他に「スピナー」キャップと「POLICE99S」キャップがある。ワッペンのみの販売もあり(2,500円)。


ショットグラスやウィスキーグラス
劇中の大切な場面で印象的なショットグラスやウィスキーグラス、ボトルが登場する。すべて実在の製品から作品の雰囲気に合う物が厳選され使われたという。

BRYANT'Sショットグラス
「BRYANT'Sショットグラス(右:エルフィンナイツ_2000円)」、「青島ショットグラス(左:エルフィンナイツ_2000円)」闘いで受けた傷を癒やしながら青島酒を口に含むデッカードが印象的……パーティ用のショットグラスを再現した高木さん入魂のオリジナル作品。

新聞
ポリスバッジに各種I.D.など、ブラスター以外の様々なプロップがファンメイドで再現されている。写真は映画冒頭に登場する新聞!
デジタルリマスターにより、モニターで文字が解析できるようなった……とはいえ、その情熱に敬服するばかり。先のウィスキーボトルと共に、熱烈なブレランファンであられる新関氏の作品だ。ヤフオクなどで購入できる。


ピースおじさんのスタチューピースおじさんのスタチュー。マグネットで留められる。感動ものの完成度です。

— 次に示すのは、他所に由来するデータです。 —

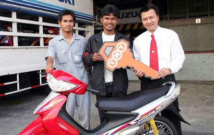 ทีเอ็นที เอ็กซ์เพรส ผู้ให้บริการขนส่งสินค้าและพัสดุด่วนชั้นนำของโลก มอบรางวัลให้กับผู้โชคดีในแคมเปญพิเศษ “เปิดปุ๊บ รับปั๊บ” เพื่อคืนกำไรให้กับลูกค้า โดยมีคุณอิศรชัย ภิญโญ ผู้จัดการฝ่ายขาย ตัวแทนจากบริษัท ทีเอ็นที เป็นผู้มอบรางวัลรถมอเตอร์ไซด์ซูซุกิ สเมช ดิสก์ ให้กับคุณเพียว ก้อนเสมา และขอแสดงความยินดีให้กับผู้โชคดีคนอื่นๆ ที่ได้รับรางวัลอีกกว่า 100 ท่าน งานนี้เรียกได้ว่าลูกค้าของ ทีเอ็นที ปราบปลื้มดีใจกันทุกคน เพราะได้รับของรางวัลกลับบ้านกันไปอย่างทั่วหน้า
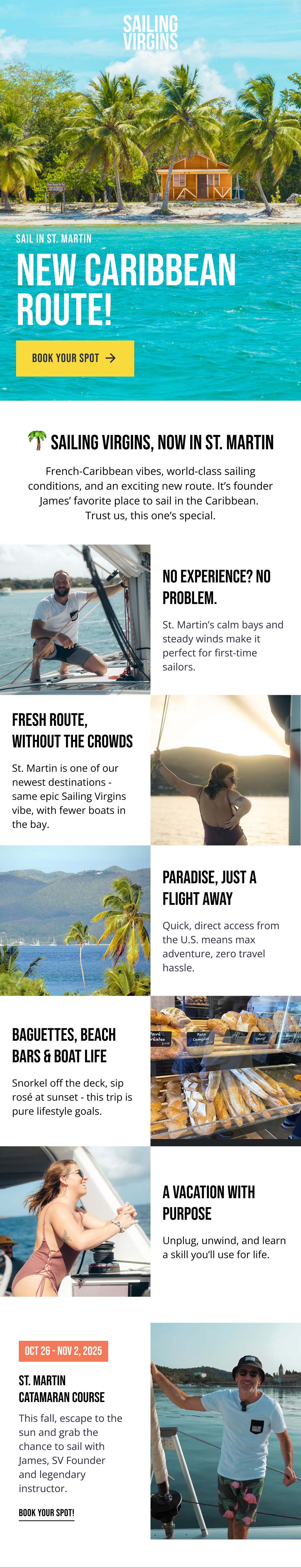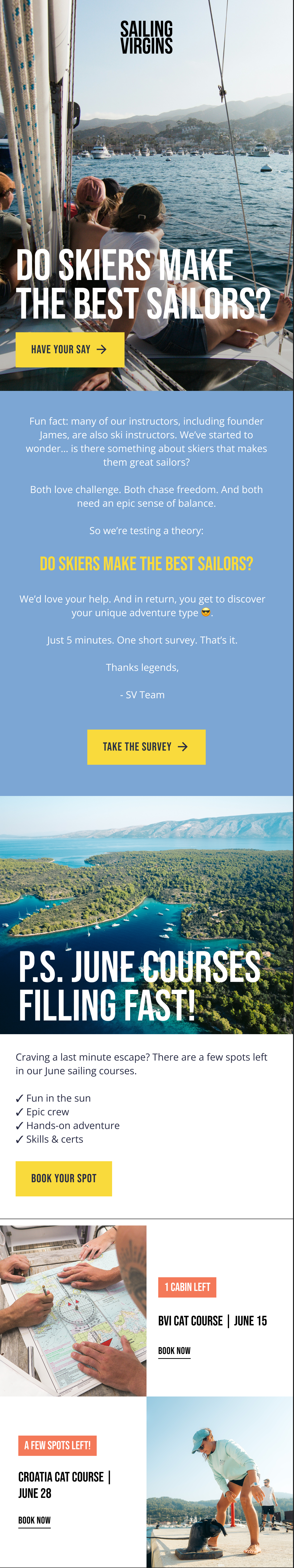In early 2025, Dua Mani began a partnership with Sailing Virgins to conceptualise and lead the launch of its “Adventurer” campaign - a new business vertical aimed at outdoor enthusiasts seeking off-season adventure. With a minimal paid media budget, we focus on smart, scrappy execution: from SEO-driven blog content to social reels, email campaigns, and partnerships, the goal was clear: drive awareness, grow leads, and book more sailing courses - without relying on a bloated media budget.
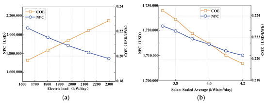 Effects of load and radiation on NPC and COE in the study area. (a) Load change. (b) Solar radiation change.
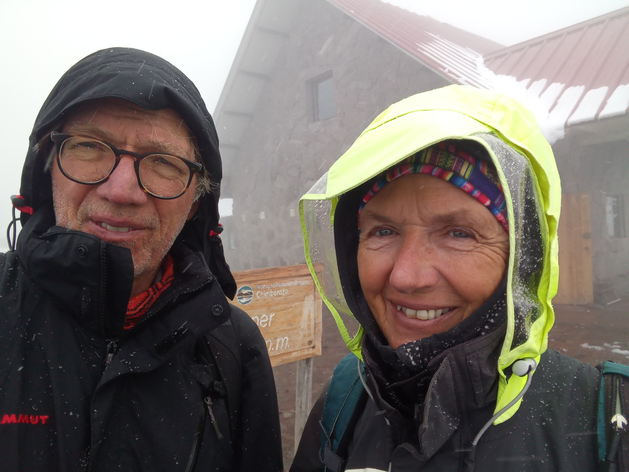 Den höchsten Berg Ecuadors, den Chimbarazo auf 6230 Meter, wollen wir nicht missen. Schneeregen und dichter Nebel machen uns nichts. Tapfer «wandern» wir von Parkplatz bis zurWhymper-Schutzhütte auf etwas über 5000 Meter hoch. Es ist dies unser erster Fünftausender. Bei je 2 Tassen heisser Schokolade erholen und wärmen wir uns bevor der Abstieg ansteht. Vom Berg selbst sehen wir kaum etwas. (Es gibt Postkarten)
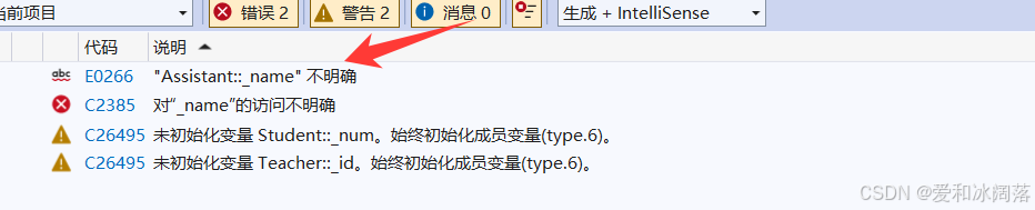 _name 是 Person 类的成员,当通过 Assistant 对象访问 _name 时(如 a._name),编译器无法确定应该访问哪条路径继承而来的 _name,因此我们可以确定是Person导致的二义性,在学生和老师中都保存了_name,产生了数据冗余
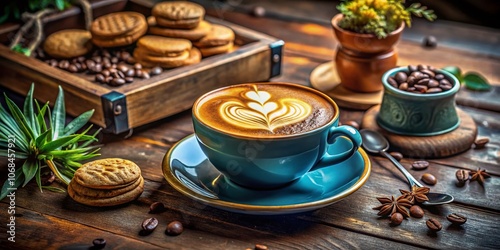 Elegant Capuchino on a Rustic Table Surface, Perfectly Frothy and Inviting, Ideal for Coffee Lovers and Aesthetic Enthusiasts, Capturing Cozy Café Moments with High Depth of Field
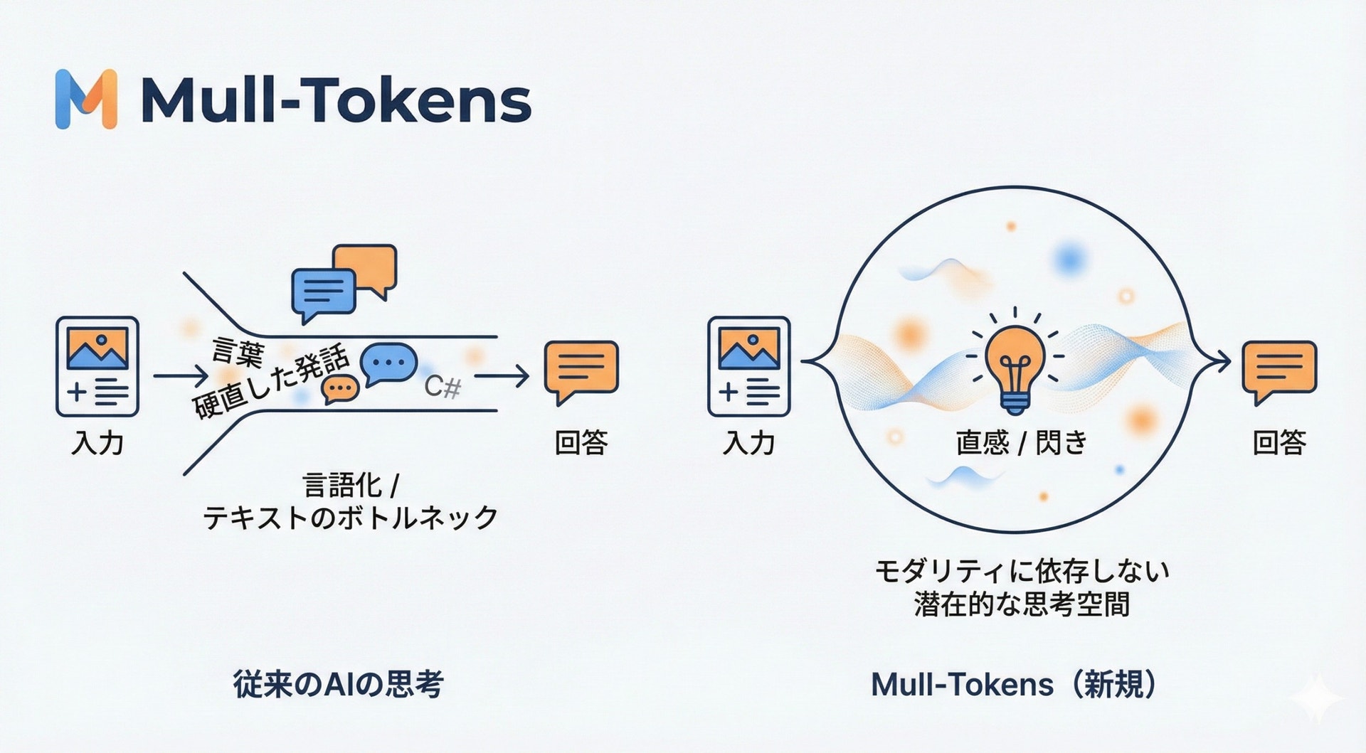LLMに「言葉にできない思考」をさせる革命的論文です。新技術Mull-Tokensは、文字や画像に縛られない「潜在的な思考の下書き」として機能し、自由な推論を可能にします。従来の思考手法(CoT)より圧倒的に高速なわずか10〜40トークンで、難解パズルの精度を最大16%向上させました。言葉や図に頼らず頭の中で直接シミュレーションを行う、マルチモーダル推論の真のブレークスルーです。
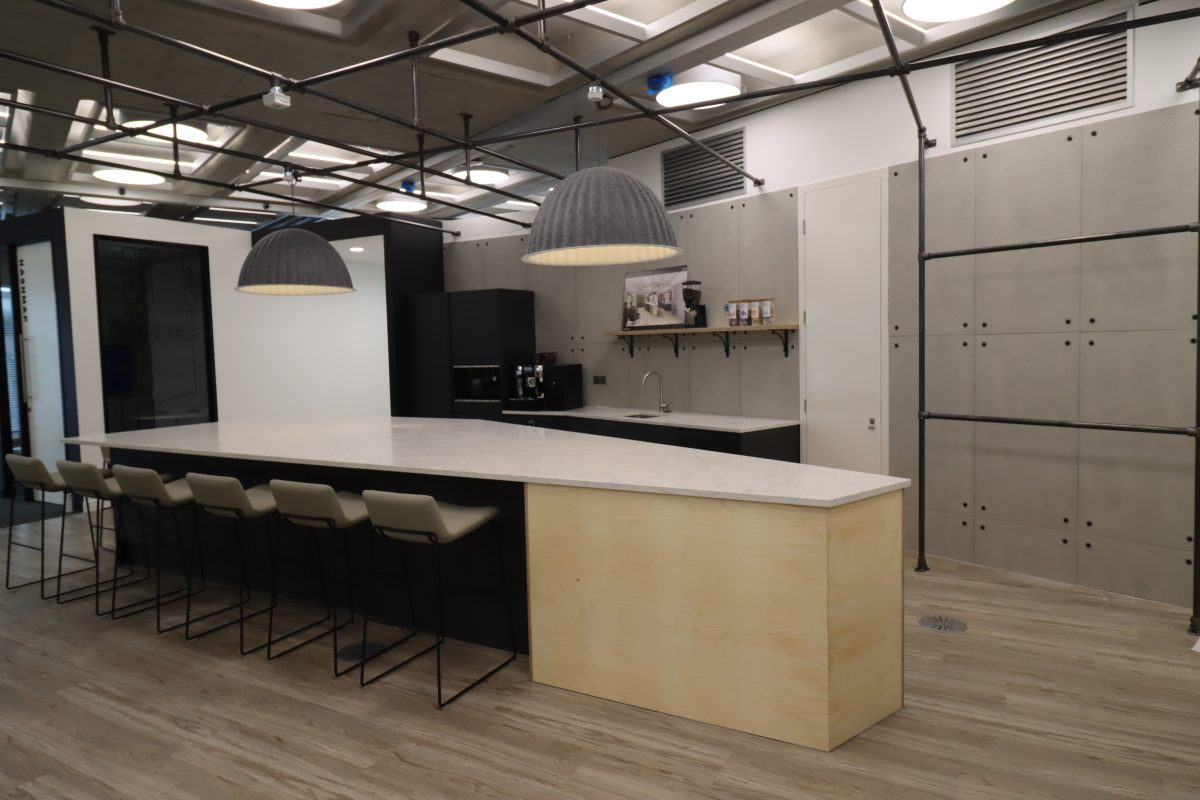 Quartz worktops with undermounted sink and bespoke designed shaped island
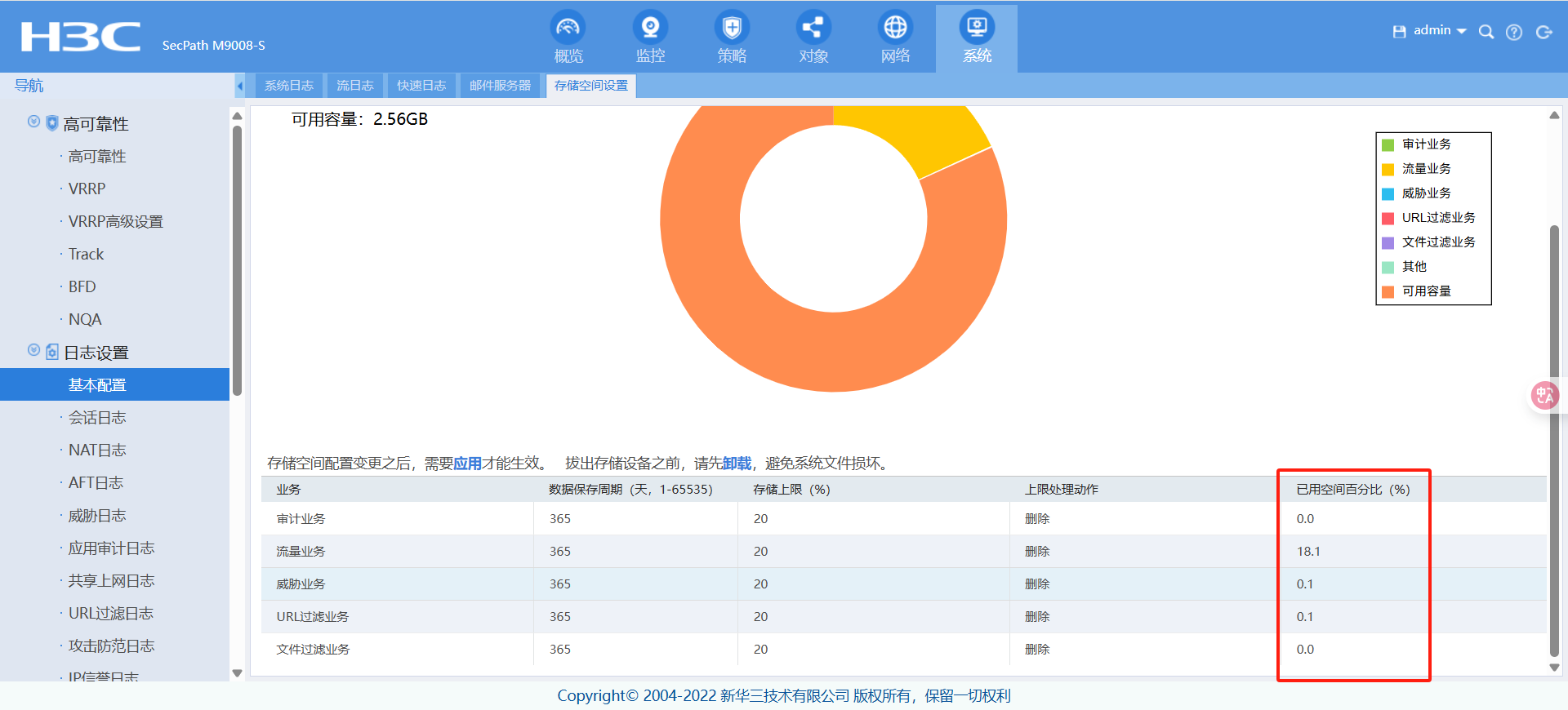 对于用户流量大的场景下空间上限为20%阈值明显太小,无法适应用户实际网络需求,因此可以将此阈值设置为80%。
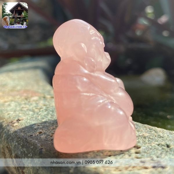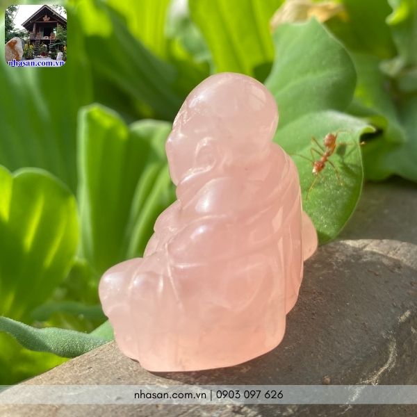 Tượng Phật được chế tác tinh xảo từ đá thạch anh hồng tự nhiên
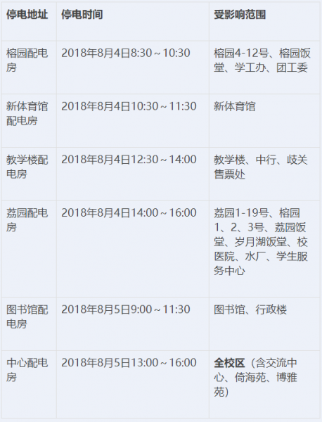 停电期间除饭堂发电正常营业外,其它用户请做好停电准备工作。
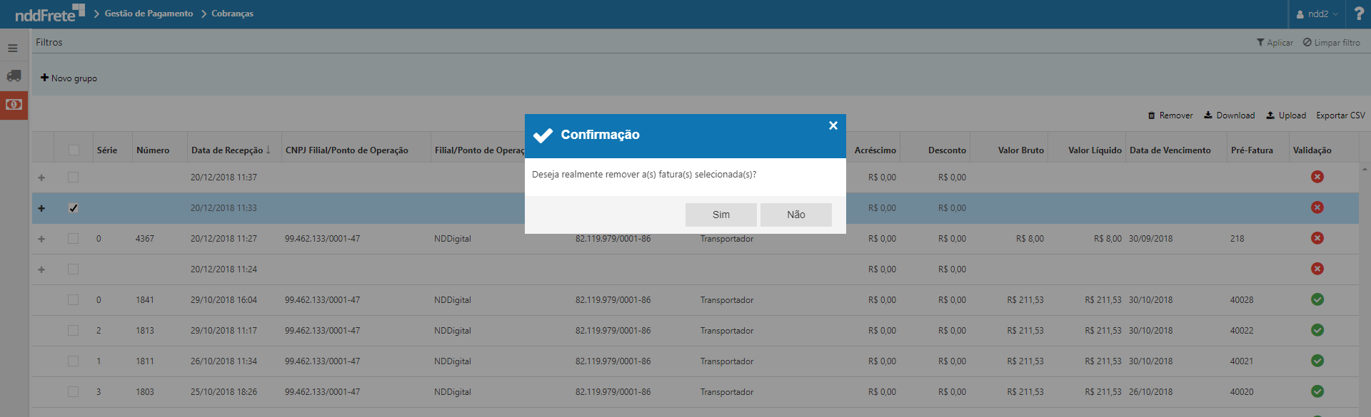 Somente é possível remover faturas com o status da validação igual a Pendente ou Inválido. |
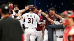 [OSEN=고척, 최규한 기자] 5일 오후 서울 고척 스카이돔에서 ‘2021 신한은행 SOL KBO리그’ 키움 히어로즈와 SSG 랜더스 경기가 열렸다.8회말 1사 1, 2루 상황 키움 허정협이 동점 1타점 적시타를 날리고 더그아웃 동료들의 축하
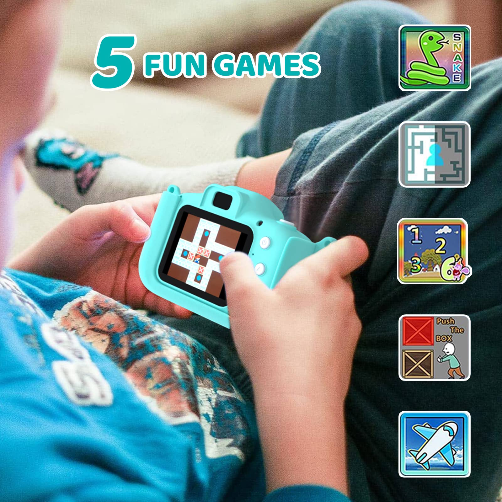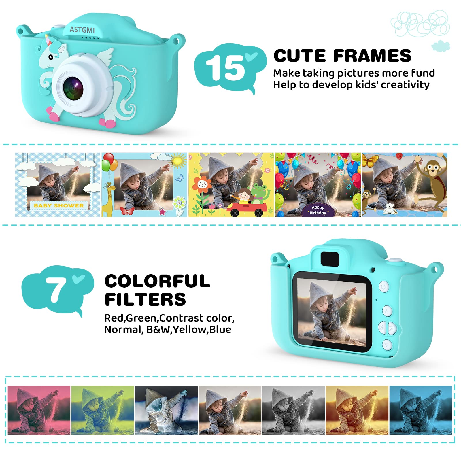 • 【Multifunktionale Kinderkamera 】Diese Kamera für Kinder verfügt über viele Funktionen, wie Fotoaufnahme, Videoaufnahme, Zeitrafferaufnahme, automatische Abschaltung, 24 niedliche lustige Cartoon-Rahmen und verschiedene Filtereffekte , Ihre Kinder können ihre Fotos selber machen; 5 Puzzlespiele, die Kindern mehr Spass bringen, ihre Vorstellungskraft entwickeln und ihre Intelligenz verbessern!
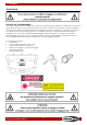X-Terminator Installazione Consultare le linee guida europee e nazionali relativamente all'installazione, fissaggio su traliccio e altre tematiche a livello di sicurezza. Non cercare di installare il prodotto da soli! Rivolgersi sempre a un rivenditore autorizzato per eseguire l'installazione! Procedura: ● ● ● ● ● Nel caso in cui il faro venga appeso al soffitto o a delle travi, sarà necessario fare ricorso a tralicci professionali.
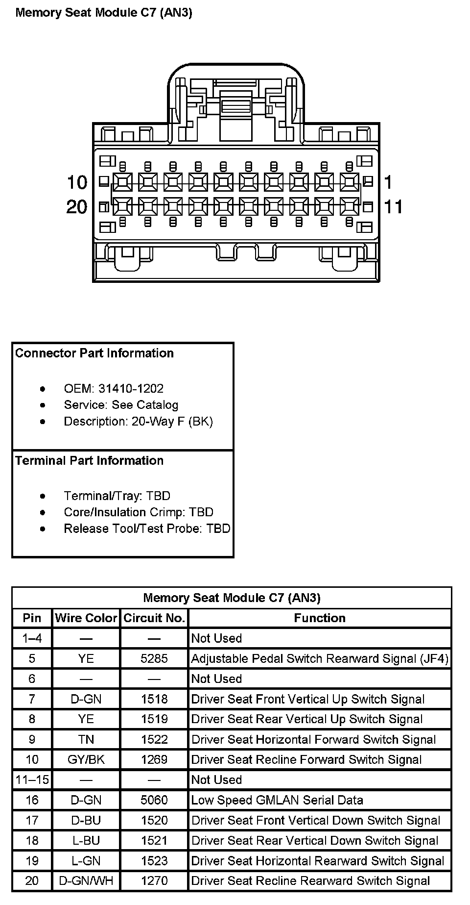 Memory Seat Module C7 (With RPO Code AN3):

映画『ブレードランナー』… 生命の美しさを表現したSFストーリー

主人公“デッカード”

『ブレードランナー』が大好きだったと書いてきましたが、劇場公開当時、高校生だったトモには正直なところストーリーがチンプンカンプンで、内容がまったく理解できませんでした〜!

映画「スターウォーズ」のハリソンフォードが主役のヒーローモノのSFアクションを期待して映画館に観に行ったもんです。ところが! 実際の作品は終始雨降りの暗い雰囲気の中、難解な会話に眼をシバシバさせてるうちにレプリカントが全滅して、どういうワケかハッピーエンドを迎えてしまう……という印象。。。 実際、1982年の公開当初はヒットせず、公開を打ち切る劇場が多かったのです。批評家にも評判悪く“駄作”として映画の黒歴史になるはずでした。

でも何かが心に引っ掛かるモノがあったことは確かでした。
当時の秋葉原の電気街を彷彿させる街に、日本文字が氾濫し、大気汚染によって雨が降り続く。退廃と進化、人種や文化、様々なものが混在する国際的な未来社会……。この映像表現がとても魅力的に思えたのでした。



機械を“始末”しているのに、人間を殺しているかのように悩む主人公“デッカード”。
生き方に疑問を持つ。
これは生身ならではの思考といえます。
開発者はそのように考える機械を創れたことを悦び、感情が芽生えた機械=レプリカントとの対比を描きながら、理想の生き方を目指すことに生身も機械もなく、むしろ機械の方が純粋で人間らしい……と映画は語りかけてきます。



公開当時からこの作品の斬新な世界観を理解するファンが少なからずいて、解説してきました。稀少な意見を確かめる様に、何度も繰り返し見直したものです。劇中には、レプリカントが記憶を紡ぐように写真を集めるシーンがあります。機械故の行動として描かれますが、現代人の生き様とダブらせて生命に対する純粋さが表現されている。シーンの狭間から要素を拾い集めるように、グイグイ感情移入ポイントが増えていったのでした。「時代が作品に追いついた」なんて事が言われたりしますが、『ブレードランナー』の世界を理解するには時間を要するのかもしれません。『ブレードランナー』は「観てない人か、熱狂的ファンのどちらかしかいない」と言われる所以ではないでしょうか。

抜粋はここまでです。